Prof Miriam Khamadi Were is gentle. Gentle in speech, gentle in her choice of words and gentle in the non-verbal cues that can somehow be felt even through a phone call.

It took two phone calls to convince her to accept our interview request, a few days after the Quaker Group of Britain and the United States nominated her as the Africa and the church nominee for the 2022 Nobel Peace Prize.

Many journalists were already on her neck with endless interview requests.

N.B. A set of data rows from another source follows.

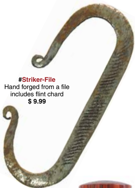
#Striker-File Hand forged from a file includes flint chard $ 9.99
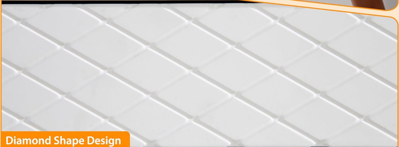
Image: A detailed view of the desk's integrated drawer and open storage cubby, showing how items can be organized and stored. The drawer features a distinctive rhombic-embossed pattern.
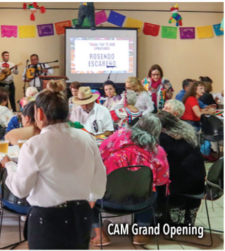
CAM Grand Opening

“Can we please have the interview after the Nobel Committee announces the winner. I believe in humility, and in humility, you have to be patient enough until you get whatever you have been nominated for,” she told Lifestyle over the phone.

After receiving a first-of-its-kind Nobel Peace Prize in 1947, just seven years after Prof Were was born in Shinyalu, Kakamega County, the Quaker Group was given a mandate to nominate deserving candidates for the coveted annual prize.

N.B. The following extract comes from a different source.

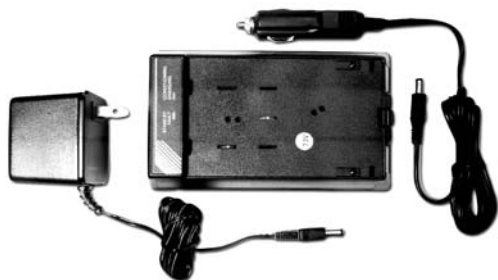
WPPN4002BR Shown With Optional Cigarette Lighter Adapter

The Group saw her fit for the nomination, citing “her tireless work of over 50 years in promoting trust between governments, health authorities and the people they serve.”

A win for Prof Were would make it a second Nobel Peace Prize for Kenya, after the Prof Wangari Maathai award in 2004.

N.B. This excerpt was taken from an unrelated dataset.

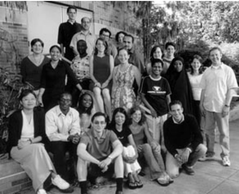
The Kroc Institute's 2002-03 M.A. Students

Arriving at her home in Lavington, Nairobi felt like a déjà vu. Prof Were happened to have been this writer’s university Chancellor in her undergraduate journalism studies, at which time her biggest wish was to interview her for an in-house magazine. It felt surreal when Prof Were came to the gate to welcome her former student on a sunny Tuesday mid-morning. She looked enthusiastic for the interview, in her characteristic gentle manner.

Prof Miriam Were with President Uhuru Kenyatta and other officials at State House, Nairobi for a University Chancellors’ function./Pool

Her living room feels every inch like that of a professor; newspapers neatly stacked at one corner (all Nation newspapers), awards photos strategically placed on another end, beautiful wall art, artistic mementos and a number of inscribed quotes placed at different sections of the house walls.

One inscribed wall quote says; “the friendship of Christ is made real with our friendship with one another.” Of all the quotes in her sitting room, that specific one probably best embodies her demeanour.

2018 UNAIDS Leadership Award for First President of Zambia and a Champion for an AIDS-Free Generation, Dr Kenneth Kaunda, with Prof Were and other dignitaries./File | Nation Media Group

“I can’t quite remember a lot about my recent life, but if you ask me about my life as a little girl, I would tell you the details in bold,” she says after a pause. “It could be old age. I see this even with my friends, our old memories are clearer now. I remember crying at the age of six when my mother could not allow me to attend my elder sister’s wedding. Oh, I felt disappointed. That was the family’s first wedding and who would want to attend it by proxy? I wanted to be in it, to see my sister say the magical words; Yes I do, and live to tell my version of the story for that day.”

Prof Were turned 82 on Wednesday. April 12, 1940 was the day that this octogenarian, who now holds countless accolades and many firsts , became a blessing to her parents, and also to the world.

Does she feel old and accomplished?

 “No, I still have time to do God’s work. I will live up to 120 years, just as the word says in Genesis 6:3. I remember when I turned 71 and everyone sent me messages saying that I am happy to have reached the bonus year. My bonus year is 121,” she says.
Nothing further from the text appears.